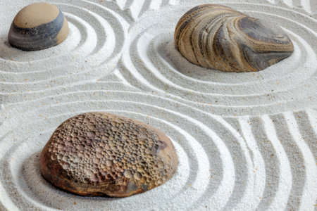 Tranquil Zen Garden with Smooth Stones on Raked Sand
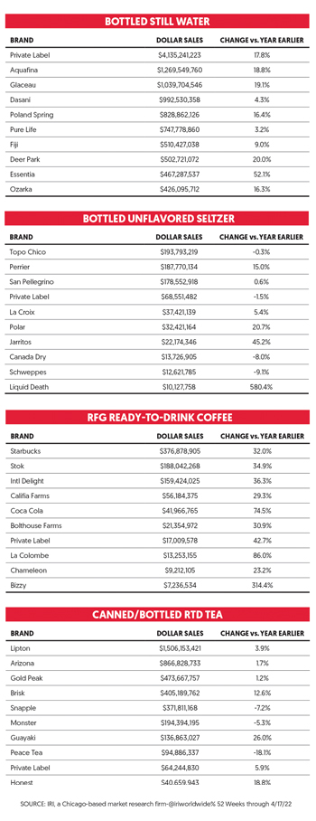 Summer is — believe it or not — around the corner so we hope you’ve done some stocking up on lemonade. In the refrigerated section, it looks like Simply is all you need. But if you’re looking ambient, check out the moves that Calypso is making now that it’s in New York — way, way up with a lot of momentum. Also starting to chart in mainstream channels: natural channel upstart Me & the Bees. Great to see this tiny, purpose-driven brand grow up!
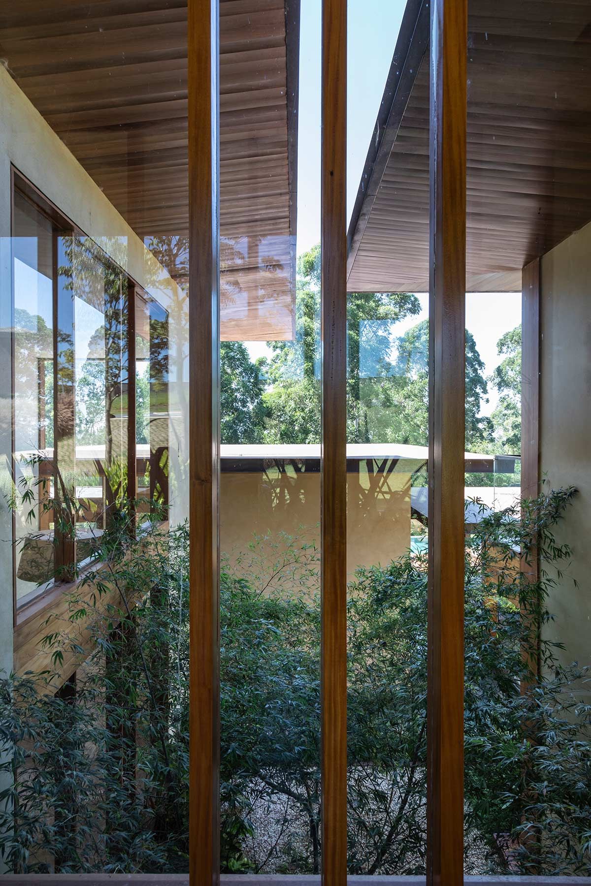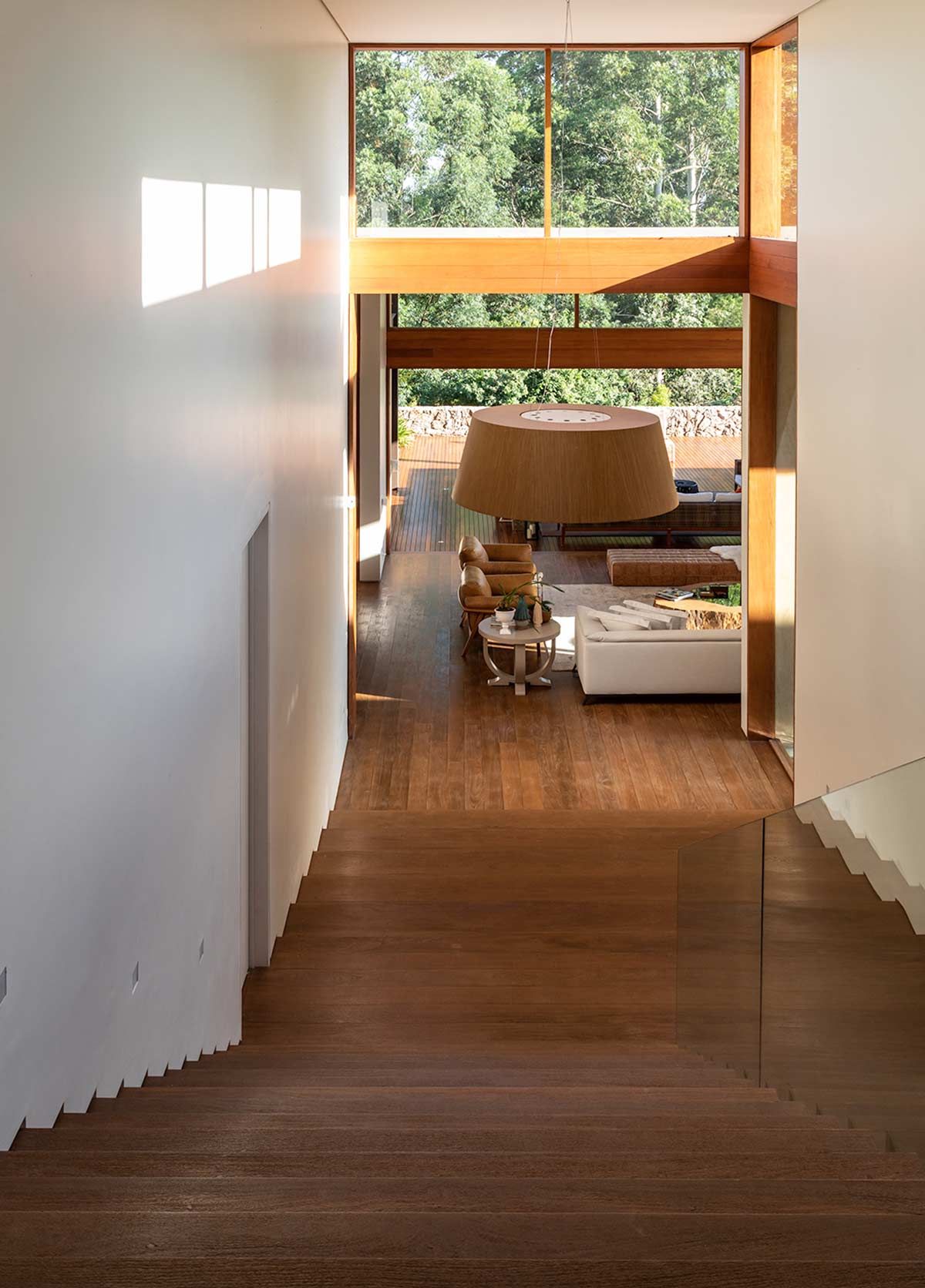 O grande declive do lote, que era o principal desafio, tornou-se o diferencial do projeto. Ele possibilitou que criássemos módulos em níveis diferentes, setorizando as áreas íntima, social e de serviço; e que integrássemos a casa com a mata, dando a sensação de que ela brota do terreno.
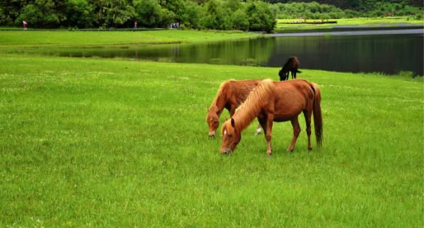湖畔是一片绵延的高原牧场,春夏野花盛开,秋天层林尽染,景色绝美。

^^^^^^^^^^^^^^^^

What the task asks:
Begin at the line with "O grande declive" and end at the last line of the data above. Reproduce those lines exactly, but not the pictures.

Written answer:
 O grande declive do lote, que era o principal desafio, tornou-se o diferencial do projeto. Ele possibilitou que criássemos módulos em níveis diferentes, setorizando as áreas íntima, social e de serviço; e que integrássemos a casa com a mata, dando a sensação de que ela brota do terreno.
湖畔是一片绵延的高原牧场,春夏野花盛开,秋天层林尽染,景色绝美。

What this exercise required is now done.